## What to do
With the pictures left out, output the records below exactly.

[Provided data Boundary: Start]

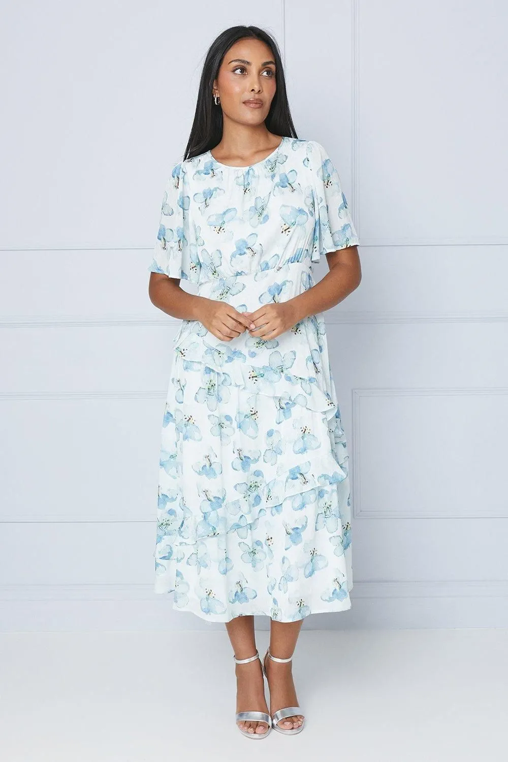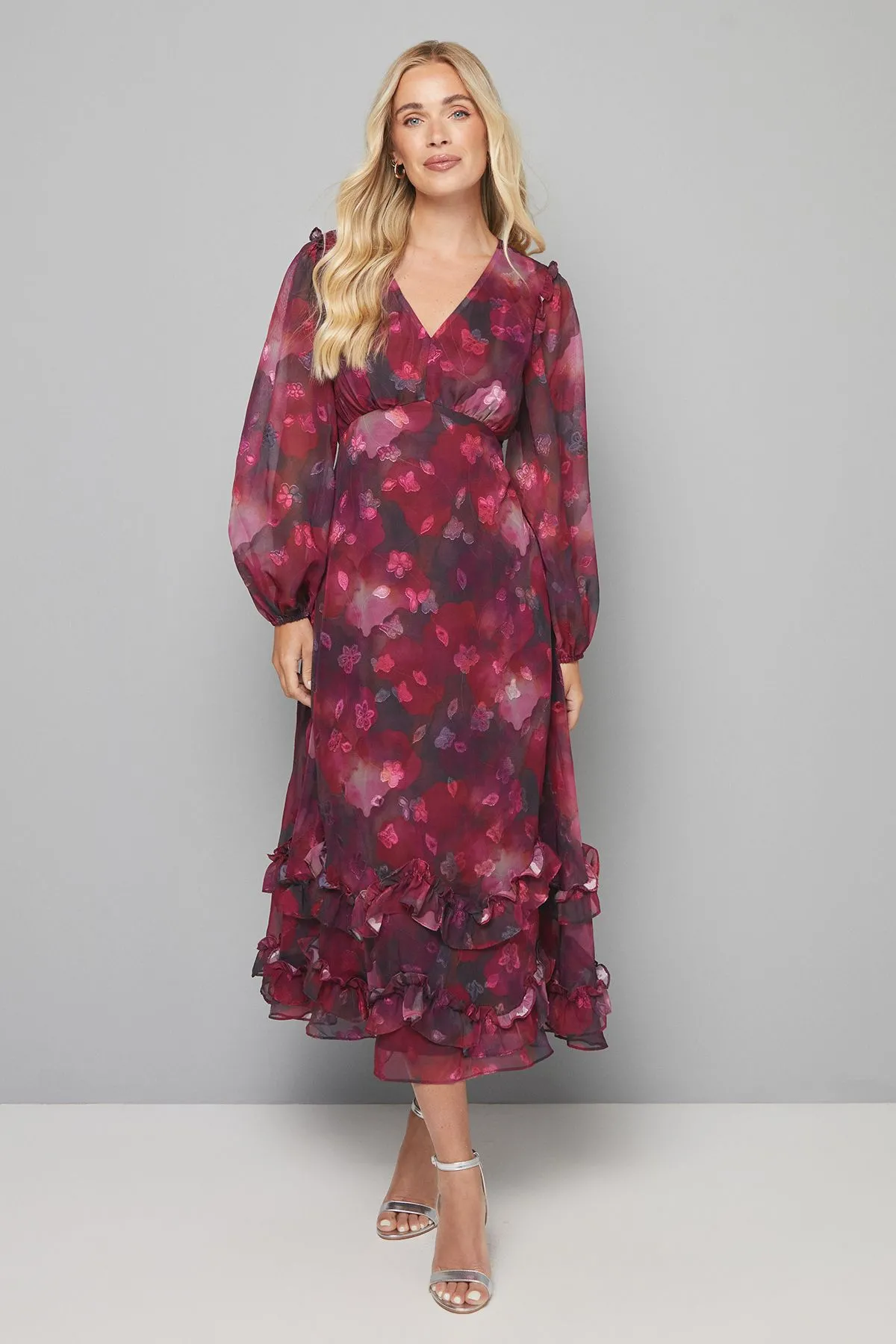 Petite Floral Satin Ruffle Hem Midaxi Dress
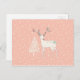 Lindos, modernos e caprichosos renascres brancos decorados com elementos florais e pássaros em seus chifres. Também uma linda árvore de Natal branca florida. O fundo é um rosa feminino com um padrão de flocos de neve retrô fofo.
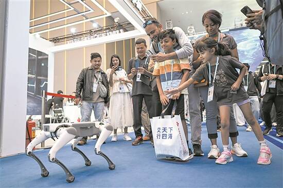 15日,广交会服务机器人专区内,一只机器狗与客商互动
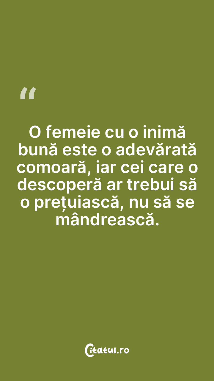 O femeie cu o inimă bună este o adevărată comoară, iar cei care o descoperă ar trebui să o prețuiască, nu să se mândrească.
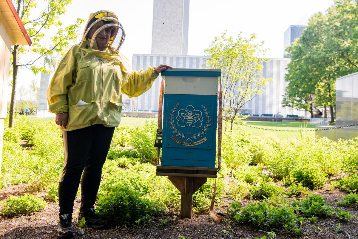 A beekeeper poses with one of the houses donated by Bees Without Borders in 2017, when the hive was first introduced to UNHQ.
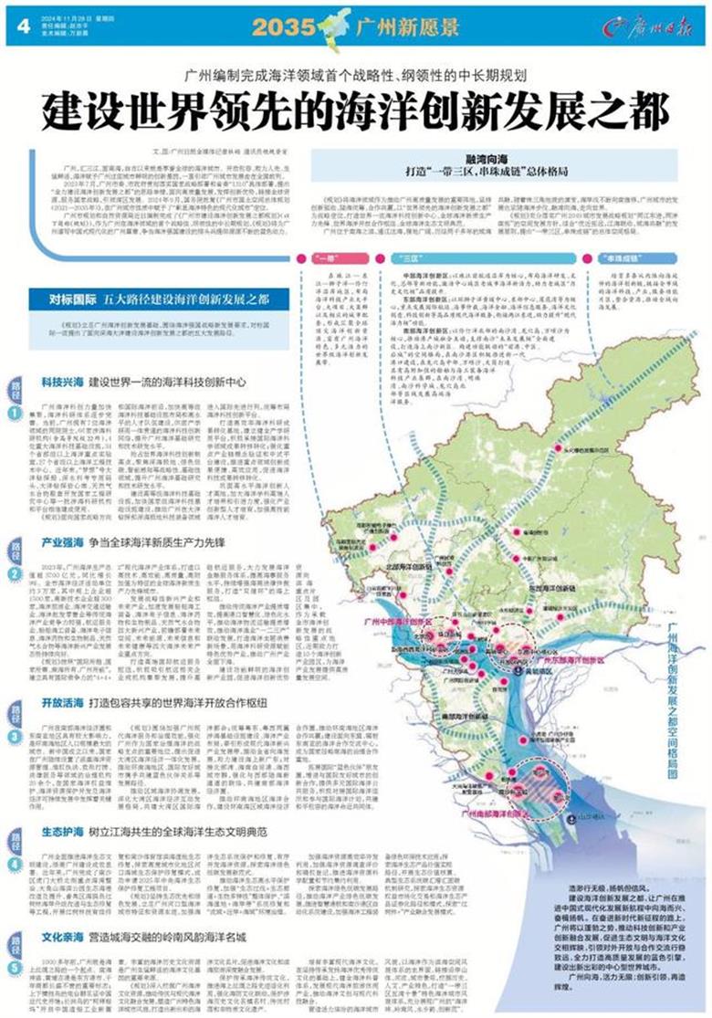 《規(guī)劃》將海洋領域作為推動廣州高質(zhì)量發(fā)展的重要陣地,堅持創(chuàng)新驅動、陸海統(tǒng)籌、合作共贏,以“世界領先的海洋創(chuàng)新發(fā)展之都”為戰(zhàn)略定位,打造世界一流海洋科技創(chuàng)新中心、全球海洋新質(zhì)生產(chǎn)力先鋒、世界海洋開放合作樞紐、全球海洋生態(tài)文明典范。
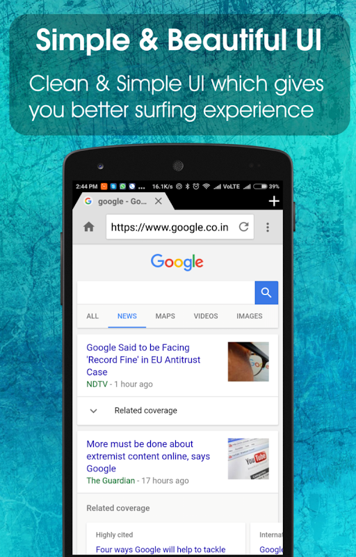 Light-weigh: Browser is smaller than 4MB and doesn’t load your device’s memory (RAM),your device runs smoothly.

[Provided data Boundary: End]

## Solution
 Petite Floral Satin Ruffle Hem Midaxi Dress
 Lindos, modernos e caprichosos renascres brancos decorados com elementos florais e pássaros em seus chifres. Também uma linda árvore de Natal branca florida. O fundo é um rosa feminino com um padrão de flocos de neve retrô fofo.
 15日,广交会服务机器人专区内,一只机器狗与客商互动
 O femeie cu o inimă bună este o adevărată comoară, iar cei care o descoperă ar trebui să o prețuiască, nu să se mândrească.
 A beekeeper poses with one of the houses donated by Bees Without Borders in 2017, when the hive was first introduced to UNHQ.
 《規(guī)劃》將海洋領域作為推動廣州高質(zhì)量發(fā)展的重要陣地,堅持創(chuàng)新驅動、陸海統(tǒng)籌、合作共贏,以“世界領先的海洋創(chuàng)新發(fā)展之都”為戰(zhàn)略定位,打造世界一流海洋科技創(chuàng)新中心、全球海洋新質(zhì)生產(chǎn)力先鋒、世界海洋開放合作樞紐、全球海洋生態(tài)文明典范。
 Light-weigh: Browser is smaller than 4MB and doesn’t load your device’s memory (RAM),your device runs smoothly.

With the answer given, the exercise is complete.